Upon establishing the desired elicitation of the tactile sensation from the FUS stimulation, the BCI experimental staffs were notified and BBI experiment was jointly performed. BBI sessions were conducted three times, while CBI participant recorded the side (as left or right) of the elicited tactile sensations using touch sensors (pulse transducer MTL1010/D; ADInstruments, CO) attached on the index fingers. The timing of the triggering signal of the CBI was also simultaneously recorded using data acquisition hardware (PowerLab 4/35; ADInstruments, CO) and software (LabChart 7; ADInstruments, CO). After the BBI experiments, the participants of CBI procedure stayed in the hospital premises for additional 1 h to allow for assessment of post-sonication mental/physical status. No abnormal findings were revealed across all subjects during the assessment. Two months post-sonication telephone interview was also conducted as a follow-up for any discomforts or changes (associated with the sonication procedure) in health status experienced by the participants. None of them reported having any issues.


Task performance from the BCI segment

The BCI portion of the BBI showed overall accuracy of 74.4 ± 15.9% (mean ± s.d., from n = 18 BCI sessions across the six participants) based on the left/right target-hit ratios (Table 1). The average accuracy of the BCI segment during three BBI sessions ranged from 93.3 ± 7.6% (BC6) to 50 ± 18% (BC2) among subjects. BC4 and BC6 showed 100% accuracy in some of the sessions, while the subject BC2 showed poor accuracy level of as low as 30%. Across the subjects and sessions, the target-miss occurred at a rate of 21.1 ± 18.0% (in a range of 0–14 trials out of 20 tasks; averaged from n = 18 grouped sessions across the six participants), while the aborted cases were on the order of 4.4 ± 5.7% (in a range of 0–4 trials out of 20 tasks). The average decision time for the BCI task was 1.13 ± 0.36 s.

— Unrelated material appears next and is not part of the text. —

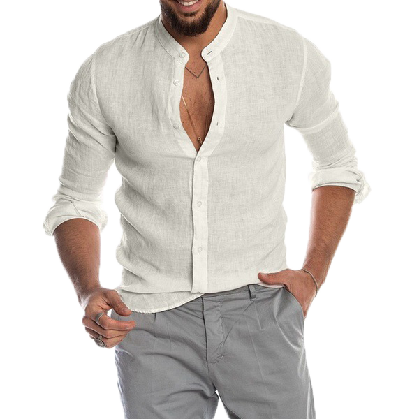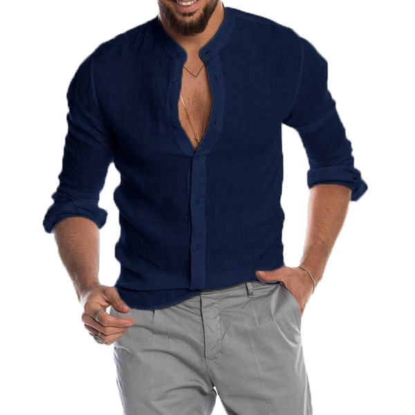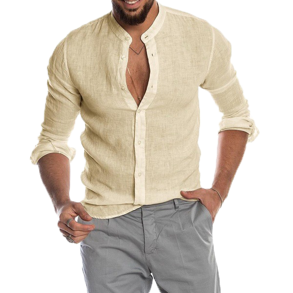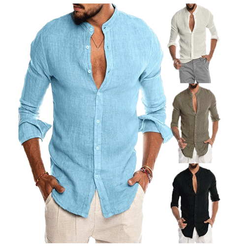 V-neck linen cardigan shirt-D191 | Inspanda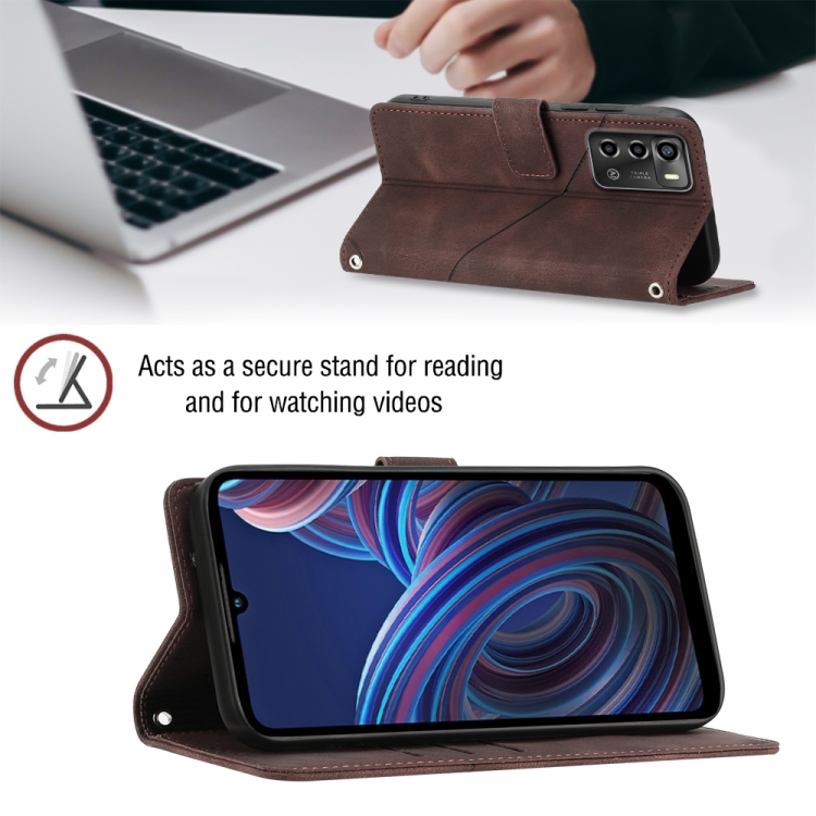 Estuche para ZTE Blade A72 de Cuero en Relieve con Tacto de Piel (Marrón)

Table 1. Accuracy and processing time of the BCI segment, CBI segment, and overall BBI communication for three sessions.

Task performance from the CBI segment

An example of responses measured from a CBI segment is shown in Fig 4. The overall accuracy of FUS-mediated CBI segment was 98.0 ± 3.1% (mean ± s.d.) (Table 1). Among a total of six CBI subjects, four subjects (CB1, CB2, CB5, and CB6) achieved an accuracy of 100% across all three CBI sessions. Also, we observed few incidents (1–3 times) of non-responsiveness (CB3 and CB4) and false-responses (CB3) to the FUS sonication, rendering the overall accuracy less than perfect. This observation was in agreement with our previous experience, which is likely due to the slight changes of the sonication path during an experimental session [16]. Based on the measurement of subjects’ tapping response from the onset of FUS triggering signal (Table 1), the CBI response time to the FUS stimulation was 0.66 ± 0.25 s (n = 18 sessions).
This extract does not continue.